The actual check for SubQ isn't benchmarks — it's whether or not the mathematics survives unbiased scrutiny
Strip away the advertising language and the social media drama, and the underlying query Subquadratic is asking is genuinely essential: Can AI programs break freed from quadratic scaling with out sacrificing the standard that makes them helpful?
The stakes are monumental. If consideration might be made actually linear with out degrading retrieval and reasoning, the economics of AI shift essentially. Enterprise functions that at this time require elaborate retrieval pipelines — processing complete codebases, contracts, regulatory filings, medical data — grow to be single-pass operations. The billions of {dollars} presently spent on RAG infrastructure, context administration, and agentic orchestration grow to be partially redundant.

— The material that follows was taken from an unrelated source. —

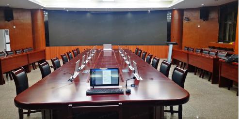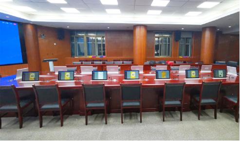 按照會(huì)議室布局,配置了16點(diǎn)位的無(wú)紙化升降一體終端,以嵌入式方式安裝在會(huì)議桌面,令會(huì)議室整體整潔、美觀。系統(tǒng)平臺(tái)采用的是JUSBE自主研發(fā)并擁有著作權(quán)的軟件系統(tǒng),集合了豐富強(qiáng)大的會(huì)議服務(wù)功能,只需觸控屏幕即可快速幫助參會(huì)者輕松掌握會(huì)議信息,高效完成會(huì)議內(nèi)容。

Whedon's willingness to have interaction publicly with technical criticism — posting a technical weblog inside hours of pushback — suggests a staff that understands it wants to indicate its work, not simply describe it. And to its credit score, the corporate acknowledged brazenly that it builds on open-source foundations and that its mannequin is smaller than these on the main labs.
Each frontier mannequin in 2026 advertises a context window of not less than 1,000,000 tokens, however nearly none of them are literally nice at making use of all that info. The hole between a nominal context window and a useful one — between what a mannequin accepts and what it reliably causes over — stays some of the essential unsolved issues in AI. Subquadratic says it has closed that hole. If unbiased analysis confirms that declare, the implications would ripple far past a single startup's valuation. If it doesn't, the corporate joins a rising checklist of long-context guarantees that sounded revolutionary on launch day and unremarkable six months later.
In computing, each basic constraint finally falls. When it does, the breakthrough by no means comes from the route the business anticipated. The query hanging over Subquadratic is whether or not a staff of 11 PhDs and a $29 million seed spherical really discovered the reply that has eluded organizations spending hundreds of instances extra — or whether or not they simply discovered a greater strategy to describe the issue.